— Input —
((

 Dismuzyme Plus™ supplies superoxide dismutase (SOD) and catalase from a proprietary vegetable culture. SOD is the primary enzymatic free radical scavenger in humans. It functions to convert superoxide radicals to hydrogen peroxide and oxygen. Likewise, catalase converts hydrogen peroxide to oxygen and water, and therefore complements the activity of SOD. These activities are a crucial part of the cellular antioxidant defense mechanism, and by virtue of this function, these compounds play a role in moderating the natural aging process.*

))
((

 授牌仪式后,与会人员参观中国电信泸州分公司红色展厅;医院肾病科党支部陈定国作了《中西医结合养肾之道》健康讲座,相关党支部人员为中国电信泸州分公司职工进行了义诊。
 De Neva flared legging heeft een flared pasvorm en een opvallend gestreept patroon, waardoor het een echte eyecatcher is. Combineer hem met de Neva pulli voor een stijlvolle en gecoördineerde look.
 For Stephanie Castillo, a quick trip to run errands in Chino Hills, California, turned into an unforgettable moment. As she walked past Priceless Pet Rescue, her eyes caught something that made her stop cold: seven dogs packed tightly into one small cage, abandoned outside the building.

))

Using the entries above, return exactly the lines from the line with "De Neva flared" to the line with "For Stephanie Castillo, a", counting both of those lines.

— Answer to the problem —
 De Neva flared legging heeft een flared pasvorm en een opvallend gestreept patroon, waardoor het een echte eyecatcher is. Combineer hem met de Neva pulli voor een stijlvolle en gecoördineerde look.
 For Stephanie Castillo, a quick trip to run errands in Chino Hills, California, turned into an unforgettable moment. As she walked past Priceless Pet Rescue, her eyes caught something that made her stop cold: seven dogs packed tightly into one small cage, abandoned outside the building.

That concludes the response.